Boise is located in the southwestern part of Idaho about 55 miles from the border of Oregon along the I-84 corridor. The capital city of Idaho, Boise, is also the largest city in Idaho with a population of more than 223,000. Boise has several suburb cities that have grown to the point that there is not much distinction between where one starts and the other begins though is more or less a continuous trail of neighborhoods and business centers from one end of the Treasure Valley to the other.
Meridian is Boise’s closest neighbor and at a population of 87,743, it is the state’s second-largest city, edging out Nampa which had held that title previously. It is also the Idaho’s fastest growing urban city with a population growth of 3.5 percent. Meridian is 15 miles from Boise from city center to city center, although as stated before, growth has turned the borders of these two metropolitan areas into kissing cousins. Meridian, with its later growth spurt, sometimes feels younger and fresher than Boise.
Eagle Road, which runs through Meridian from north to south on the eastern edge of Meridian, has become a shopping and business mecca and for Ada County. The intersection of Eagle Road and Fairview Road is the busiest intersection in the state as more than 6,500 cars can pass through during the peak hours of 4-6pm. This is in part, because of all of the new commercial building that has taken place in this area, (including the very popular Village Shopping Center), and in part, because it is basically the only straight through drive from I-84 to State Street on the north end of the Valley.
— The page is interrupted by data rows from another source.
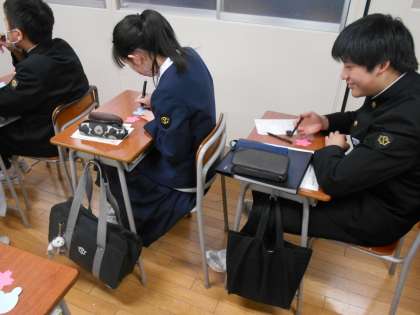 全クラス共通で、学級や学年の仲間へのメッセージを書く時間を設けました。和気あいあいとした雰囲気の中、入学してからこれまでの思いを言葉に込める姿がありました。
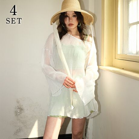 ビキニ、ショーツ、ショートパンツ、トップスの4点セットです。
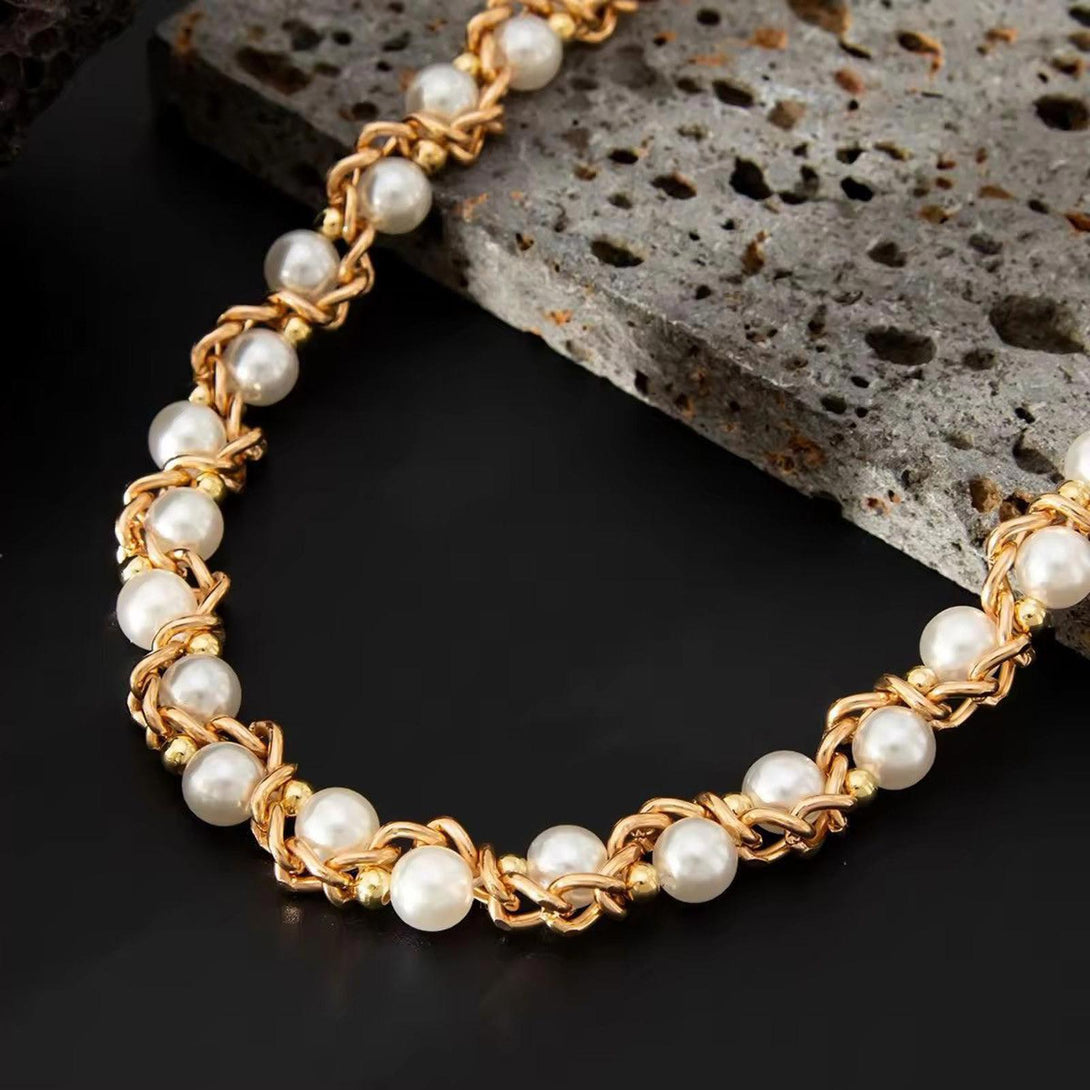 Precision-woven gold-tone links embrace lustrous pearl elements in seamless harmony. Each pearl positioned with intention, every twist calculated for impact.
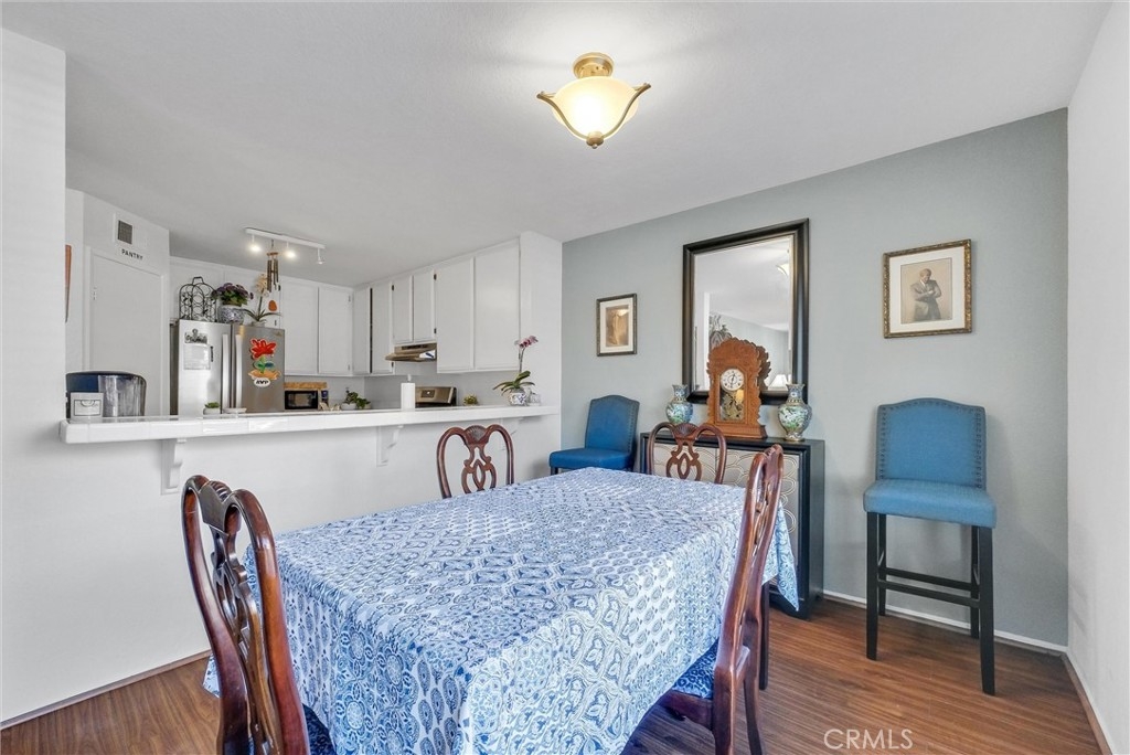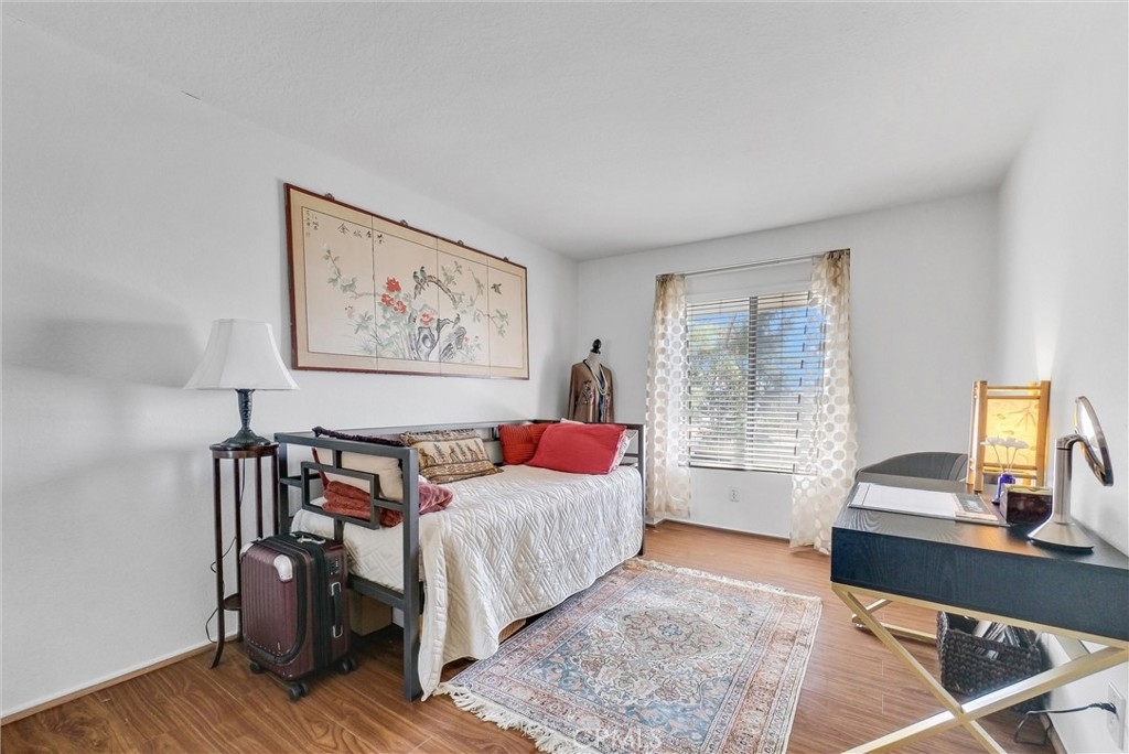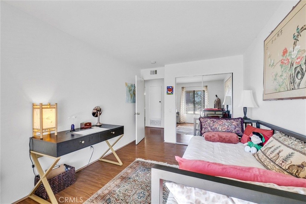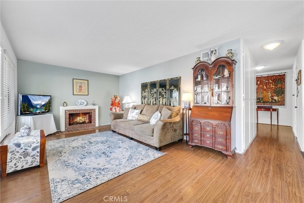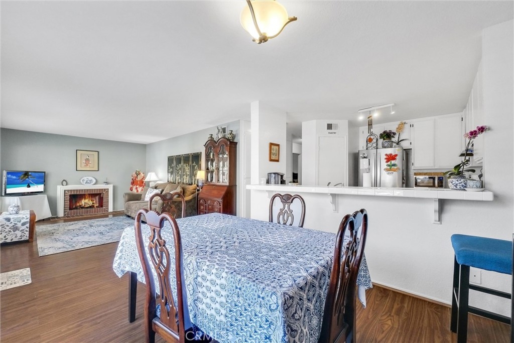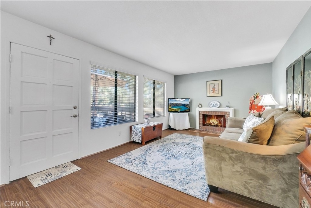 Upstairs unit with large Balcony located in Popular White Oak community and it is featuring 2 bedrooms 1 bathroom, laminate flooring throughout, stainless steel dishwasher, refrigerator and freestanding gas stove. Large Living room with fireplace, open to Dining room/area. Kitchen has a bar counter. Master bedroom with Walk in Closet, Large Bathroom with washer and dryer closet. Central air conditioning system. Walking distance to Elementary and High School. Close to shopping, public transportation, restaurants and a park. One carport with storage and one permitted parking space. Community pool and spa, with newer exterior paint and repiped plumbing.

The busy traffic does not stop people from wanting to live in this vibrant town as the availabilities of amenities such as shopping, hospitals, entertainment and employment makes moving into one of the many new developments being built every year very desirable for buyers. Meridian has many events and activities throughout the year to entertain and delight its residents. Home to many beautiful neighborhood parks as well as to commercial entertainment sites such as Roaring Springs Water Park, Meridian Speedway, Wahooz Family Fun Zone, and many great movie theaters and shopping centers, if you get bored in Meridian it is by choice.
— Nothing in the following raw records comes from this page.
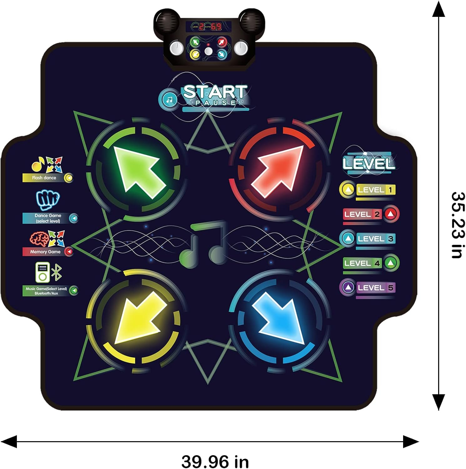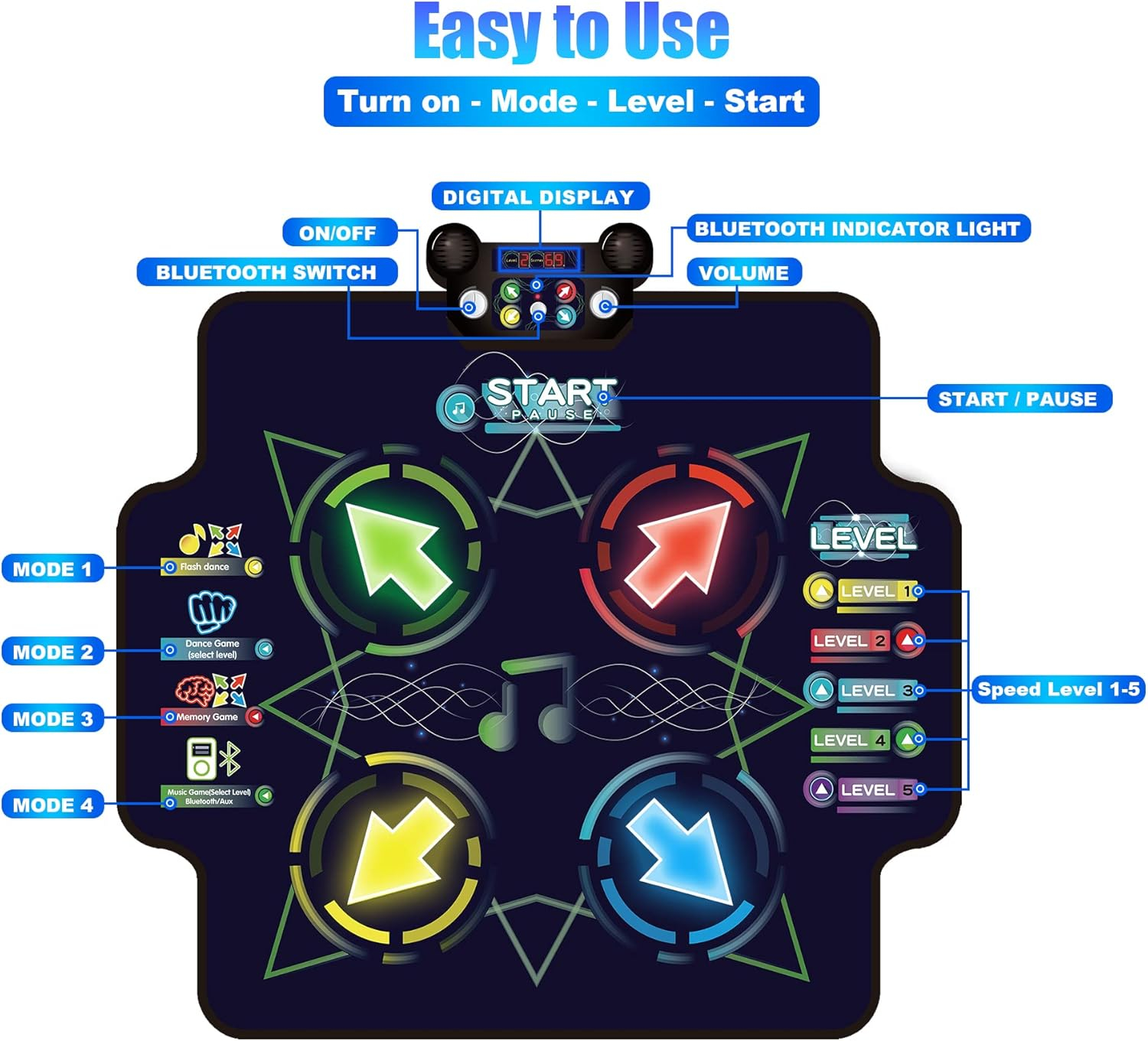 Pregatiti-va pentru ore de distractie si miscare cu Covorasul de Dans LED JOLLY FUN! Creat pentru a atrage copiii in lumea muzicii si a dansului, acest covoras interactiv este perfect pentru baieti si fete cu varste intre 4 si 10 ani. Cu 4 moduri de joc si 5 nivele de viteza ajustabile, acest covoras este o modalitate excelenta de a incuraja exercitiul, coordonarea si timpul petrecut in familie. Fie ca e o petrecere de dans solo sau un concurs amical, acest covoras transforma orice spatiu intr-o mini pista de dans!
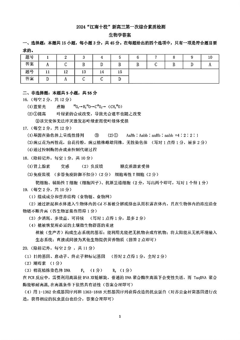 2024年“江南十校”新高三第一次综合素质检测 生物答案
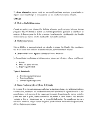El edema es la inflamación de una parte del cuerpo debido a la acumulación de líquido en los tejidos. Puede ser causado por obstrucción venosa o linfática, insuficiencia cardiaca o renal, estados que disminuyen la albúmina sérica, cirrosis o medicamentos. Existen dos tipos principales de edema: intracelular causado por falta de nutrición celular, y extracelular causado por retención de líquidos en los espacios extracelulares. Algunas causas comunes de edema localizado son la obstrucción linfática

Nampa, which is west of Meridian, is 22 miles from Boise by way of I-84. While 22 miles is not far by freeway, traveling a half an hour to enjoy some of the benefits of the Boise lifestyle can be disappointing. While Nampa has many of its own charms and there is plenty to do in Nampa, some people are disappointed that there seems to be less easy accessibility to outdoor activities that you would find in Boise. Nampa has fewer places to walk or ride bikes and of course, Boise has that beautiful Greenbelt by the river that so many people enjoy. And if you are a skier, it will take you over an hour to get to Bogus Basin Ski Resort, even though you can see the lights of the resort from all the way to Oregon at night.
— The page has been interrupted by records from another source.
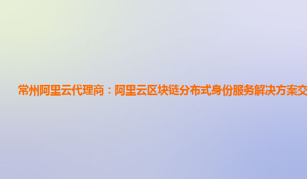 4. 阿里云代理商:常州阿里云区块链分布式身份服务提供者
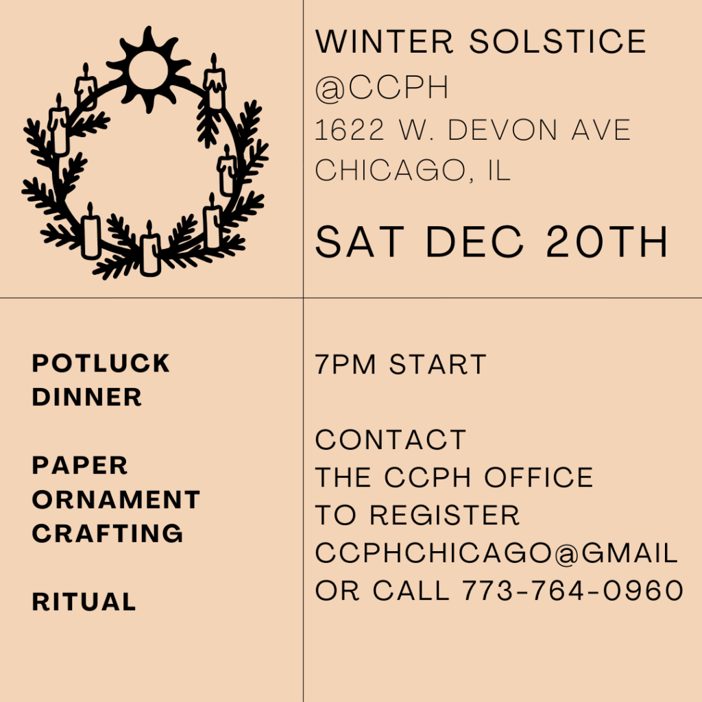 Saturday December 20th 7-9:30pm. Winter Solstice Ritual: Contact the CCPH office for more information.
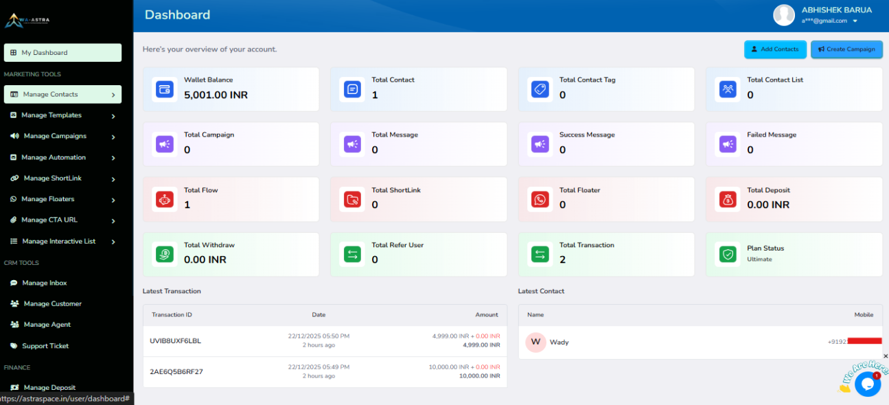 Wa-Astra is a complete cross-platform WhatsApp CRM and marketing tool that helps businesses manage conversations, automate customer engagement, and run marketing campaigns through WhatsApp.

Many people do, however, commute from Nampa to Boise for work as the relatively straight shot across I-84 makes commuting a little easier to get to many places in Boise. But people don’t always go from Nampa to do things in Boise. Nampa has many draws that bring people into its city. The Ford Idaho Center is venue for horse shows, concerts, conventions and other exciting events. The Deer Flat National Wildlife Refuge is a lovely and peaceful park with a pond for fishing and kayaking. There is a visitor’s center which tells you about Lake Lowell, another popular attraction in Nampa.
Caldwell is about 28 miles west of Boise along the I-84 corridor. The College of Idaho is located in Caldwell and is a reason that many make the half-hour commute to this charming town. This small liberal arts college, with its very low teacher/student ratio strives to help students be successful in their college experience. Their PEAK program helps students to graduate in four years with a major and three minors, preparing their students for life and careers after they leave the school setting.
Caldwell is also home to the Caldwell Night Rodeo. One of the longest running events in Canyon County, the Caldwell Night Rodeo brings in more than 45,000 fans in its five-night run each year. Attracting top rodeo professionals, this rodeo has been named by many rodeo magazines and organizations as one of the top rodeos in the nation. Held at night under lights, this is truly a unique experience for rodeo goers. CNR has a tremendous impact on the community, not only for the revenue it brings to the community in general, but also the to the charities, scholarships and non-profit organizations that are supported by CNR.
Boise is a busy and beautiful city full of things to do and places to go. But as we have seen, being willing to travel just a bit to the outlying cities of Meridian, Nampa and Caldwell opens up many more opportunities for living, working and playing in the Treasure Valley. The three main arteries traveling east to west are I-84, Chinden Blvd (hwy 20-26) and State Street (hwy 44), and on any one of these highways your trip to these communities will be straightforward. It is easy to see why these four cities sometimes seem like one large community.